Как выжить в этом хаосе неопределённости, в этом мире, который внезапно стал таким чужим и враждебным, словно она попала на другую планету? Как найти в себе силы двигаться дальше, когда кажется, что все двери закрыты и надежда умерла? Эти вопросы роились в ее голове, как потревоженный улей, жаля ее сомнениями и страхом, словно ядовитые пчелы. Она чувствовала себя маленькой лодкой в бушующем океане, без руля и ветрил, обреченной на гибель. Но где-то глубоко внутри, под слоем отчаяния, всё ещё теплился огонёк надежды — слабый, но упрямый, и именно он заставлял её дышать, заставлял её продолжать ждать, словно последняя искра в кромешной тьме.

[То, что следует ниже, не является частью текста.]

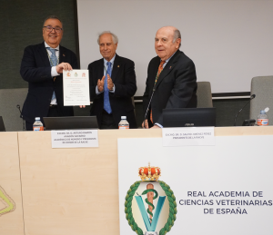 La sesión fue presidida por el Excmo. Sr. D. Salvio Jiménez Pérez, Presidente de la RACVE, que estuvo acompañado en el estrado por el Excmo. Sr. D. Arturo R. Anadón Navarro, Académico de Número y Presidente de Honor de la Corporación.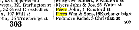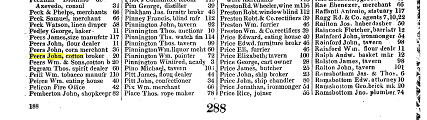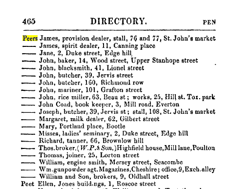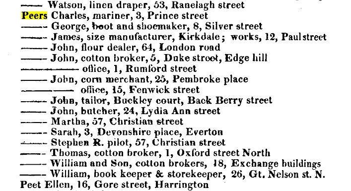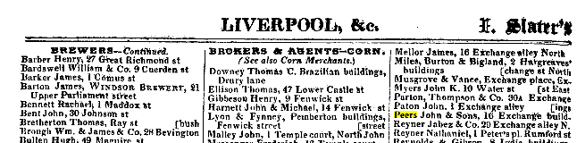 1840 William Hunter Peers , cotton broker of Edge Hill, son of John PEERS, cotton broker,[bc 1817] |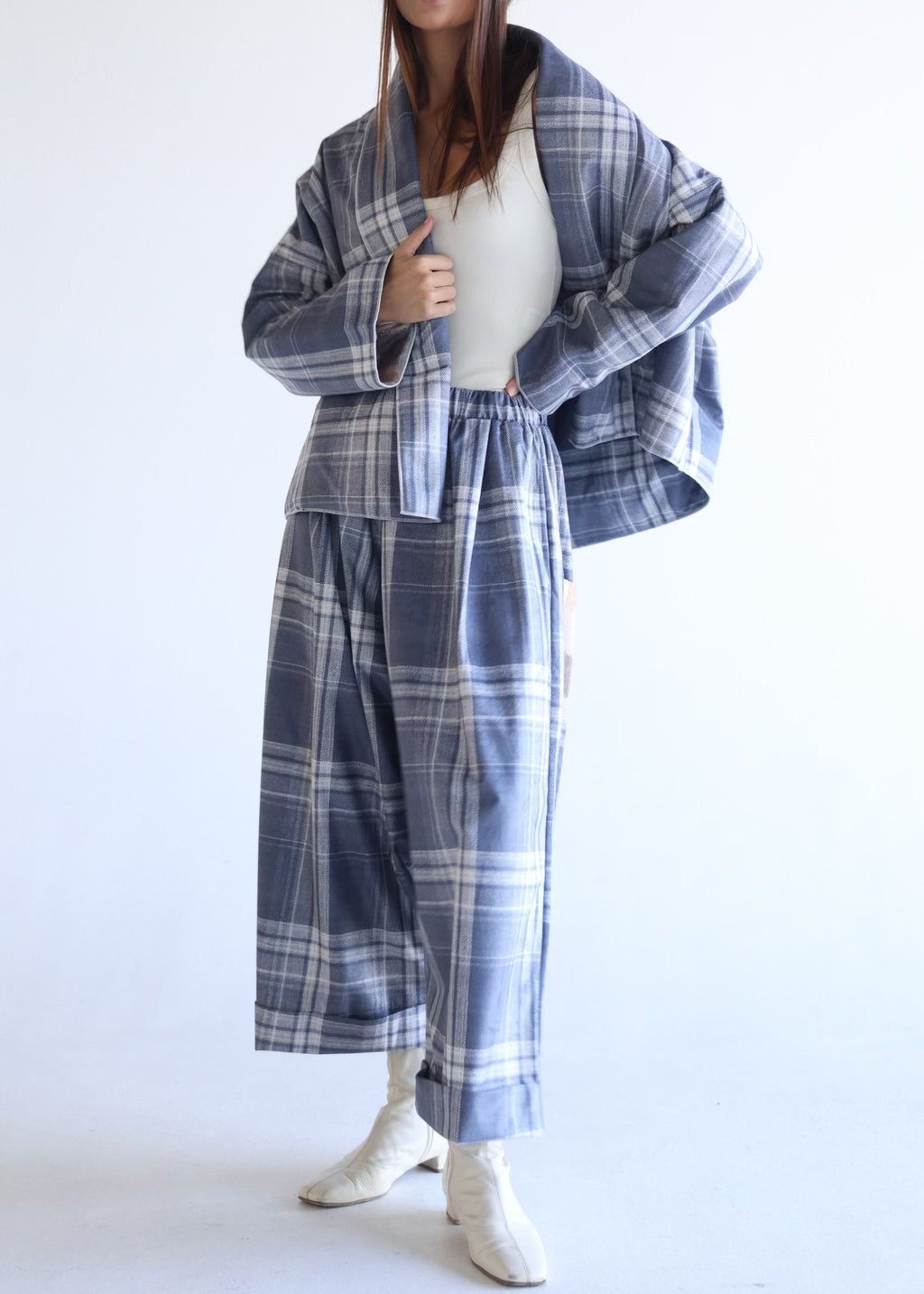 Blue plaid harem pants with an elastic waistband, loose fit, and tapered ankles. Lightweight fabric with soft drape and comfortable movement.

— Эмили! Эмили, немедленно спускайся! — прозвучал как раскат грома, сотрясая не только пыльные балки чердака, где ютилась девушка, но, казалось, и саму ее душу. Властный, безапелляционный тон не терпел возражений. - Хватит прохлаждаться! Работа сама себя не сделает, а здесь, знаешь ли, не богадельня!
Голос эхом разнёсся по узким коридорам, достигая даже самых отдалённых уголков пансионата, заставляя постояльцев невольно вздрагивать и ускорять шаг. Все знали: когда голос миссис Грант становится таким стальным, лучше не попадаться ей под руку.